大きな製陶所の仕事では窯も3㎥など大きくなり、エントツ自体も太く長くなりますから、自分たちで雨仕舞いを行わずに板金屋さんにお願いすることもよくありました。

特に心配なのは遠方に搬入設置工事に赴いての雨仕舞いです。雨漏りがしたと連絡がこないように、より慎重になったものです。

これまでのたくさんのエントツ仕事の中で、派手に雨漏りさせたのは2回しかありません。細かい事例はいくつかありましたが、98パーセント程度の成功率は保ってきたはずです。

では、その2件はというと、作品上の師匠であったKさんの仕事場のエントツ補修工事と、恥ずかしながら今の自分の窯小屋でした(笑)。

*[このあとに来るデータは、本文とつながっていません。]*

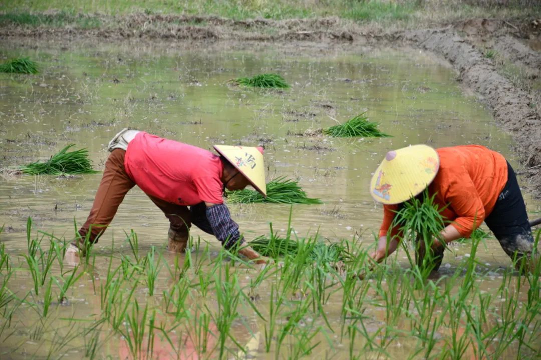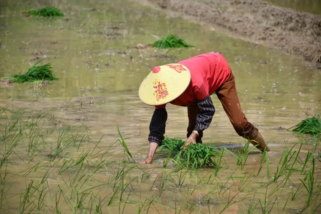 待水田整理完毕,女人们提着嫩绿的秧苗接踵而至。一株株秧苗青翠欲滴,恰似夏日馈赠的鲜活礼物。她们娴熟地弯腰、分苗、插秧,动作一气呵成。水田中,随着双手快速舞动,秧苗整齐排列,行行笔直,间距均匀,宛如精心绘制的绿色线条,勾勒出一幅动人的农耕画卷。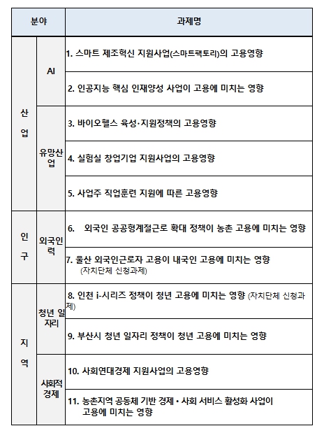 | ▲ 2026년 고용영향평가 대상과제 목록 |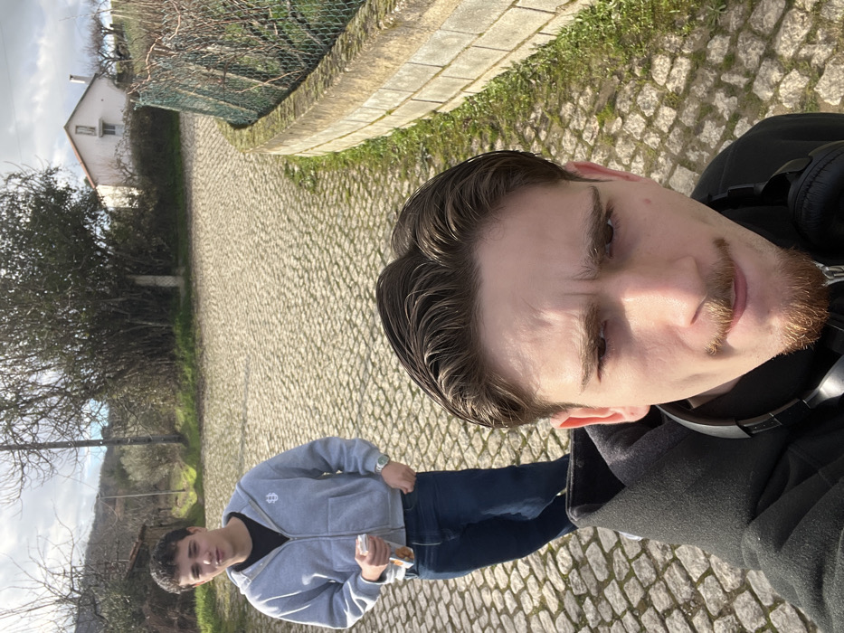 Two men pose in an outdoor selfie. The foreground man, with slicked-back hair, a stubbly beard, and headphones around his neck, looks directly at the camera. Behind him and slightly to the left, another man wearing a gray zipped hoodie and jeans stands, holding something in his hand. The backdrop features a cobblestone path, green grass, a fence, trees without leaves, and a glimpse of a white building in the distance under a cloudy sky. The orientation of the photograph is tilted to the side.

福岡県の実家に戻って15年になりますが、この窯小屋は単管パイプで自分で組み上げたものです。当時のわたしはまだ30代なかばで陶芸の事以外はあまりよく知らないのに、なんだかある程度なんでも知っていると思っているお年頃でした。

また資金も乏しく十分な資材で作ったわけでもありませんでした。この窯小屋はその後少しづつ棚を作ったり補強したりして成長してきたのです。

とはいえ、長年の窯屋修行で行ってきたエントツ工事を自分の窯小屋でやってみれば、何年経ってもポタポタと雨が滲み出るありさま。何度も補修したりさまざまなことをやりましたが、もう最後は諦めていました。

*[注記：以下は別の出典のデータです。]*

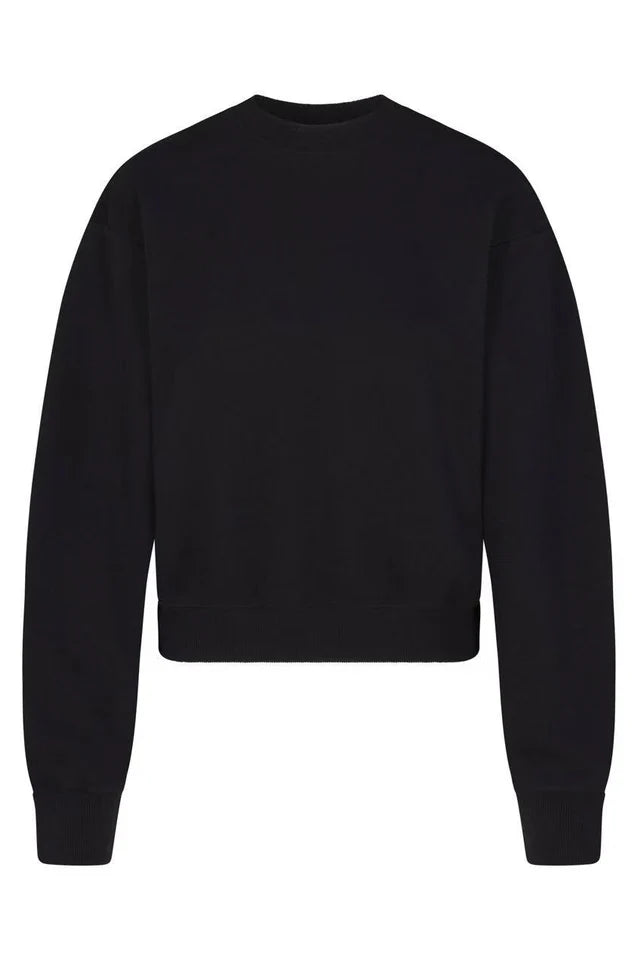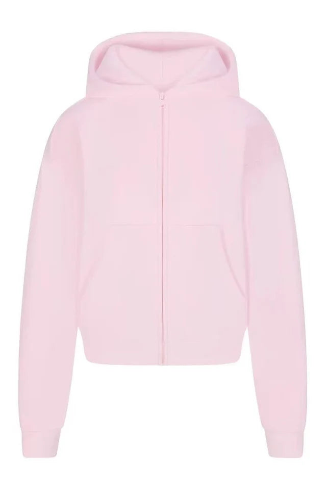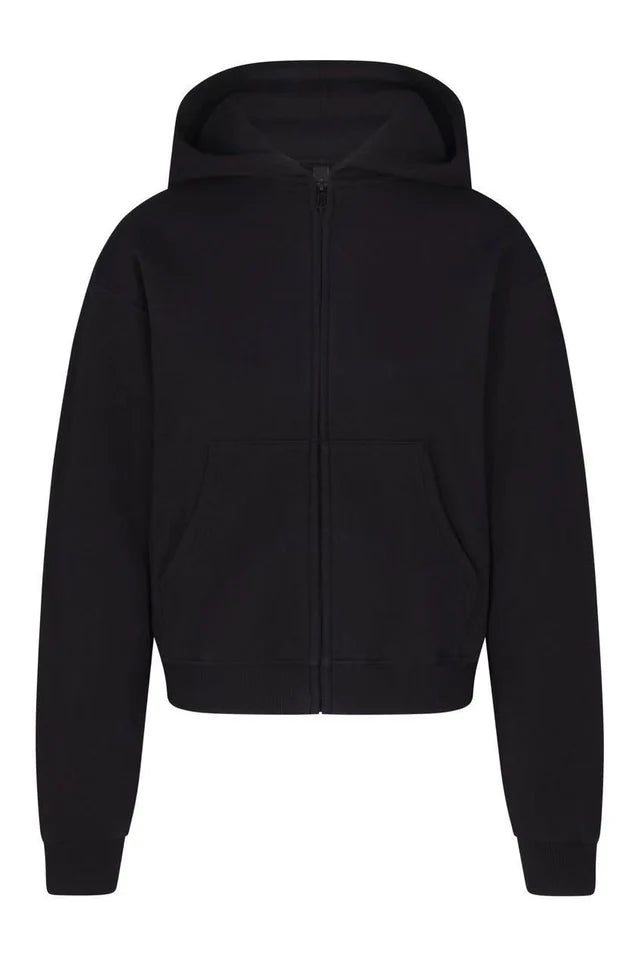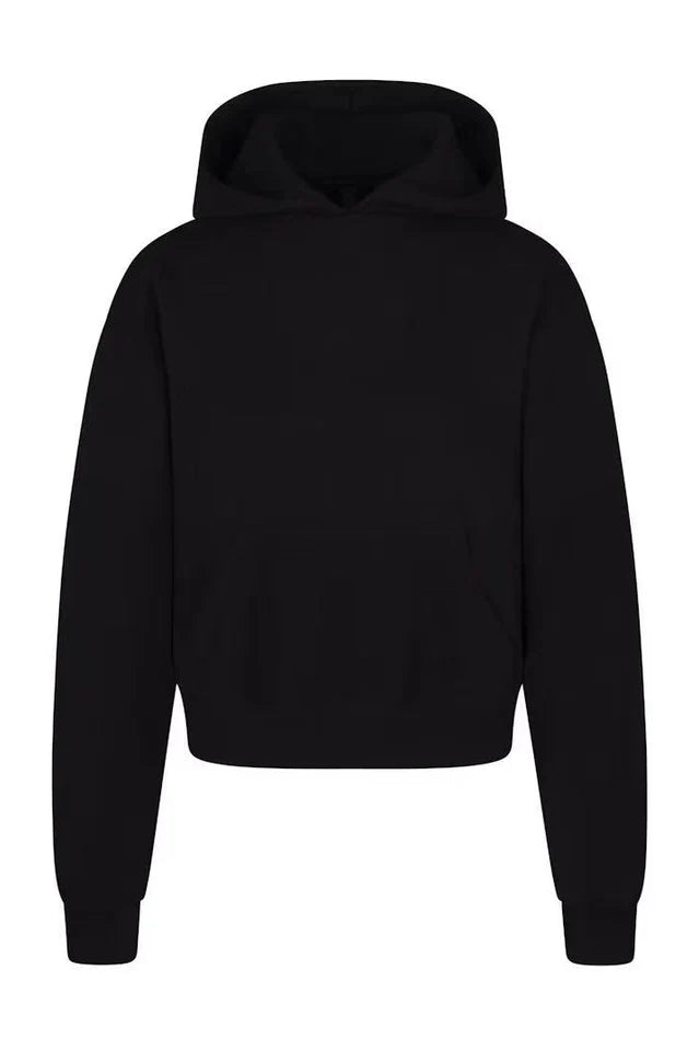 The hoodie that never goes out of style. Made with SKIMS plush, cloud-like fleece and elevated with an embossed logo on the left sleeve above the cuff. This classic fit pullover features a front kangaroo pocket and ribbed details on the cuff and hem. Fits true to size.

そして屋根自体の傷みもある程度進んだため、今回は大規模張替え工事を息子とすることにしました。

ガルバルーフという素材にアップグレードして、垂木やフレームも改修しました。屋根材を何にするかなどを調べていくうちに、なぜウチの雨漏りが起きたのかがわかりました。

そもそも屋根には適正な勾配が必要で、さらにいえば使われる屋根材によってもその角度は変わってきます。また、そもそもお金が全然ない時の素人工事であって、屋根のレベルがしっかりと出ておらず、緩やかにエントツにすべての水が集まるような状態になってもいました。まったくお恥ずかしい話です。

あれから15年、友人のプロとともに子ども部屋や、リビング、廊下などのフローリングの張替えなどで腕を磨き、電気工事士の免許を取ってからは電気配線工事やLANケーブル工事などを施して、実家の母屋もイノウエも、中身が大幅に改善されてきました。

50歳になった今の自分の眼で見て原因を追求し、屋根のレベルを補正して、小屋自体のフレームもこれまでより強固に補強し、使うべきところにしっかりと予算をかけることとしました。仕事の合間に息子と数日間かけて無事に終了です。

すでに九州南部は梅雨入り宣言が出ましたが、今年の梅雨は安心して窯小屋で作業が出来ることでしょう。

わたしはDIYが好きですが、それには自己責任というものが伴います。そしてDIYを行うにも、電気工事士免許まで取って行うのか、そこはグレーゾーンと考えて勝手に行うのか、その違いは恐ろしいほどにあると今回も思い知りました。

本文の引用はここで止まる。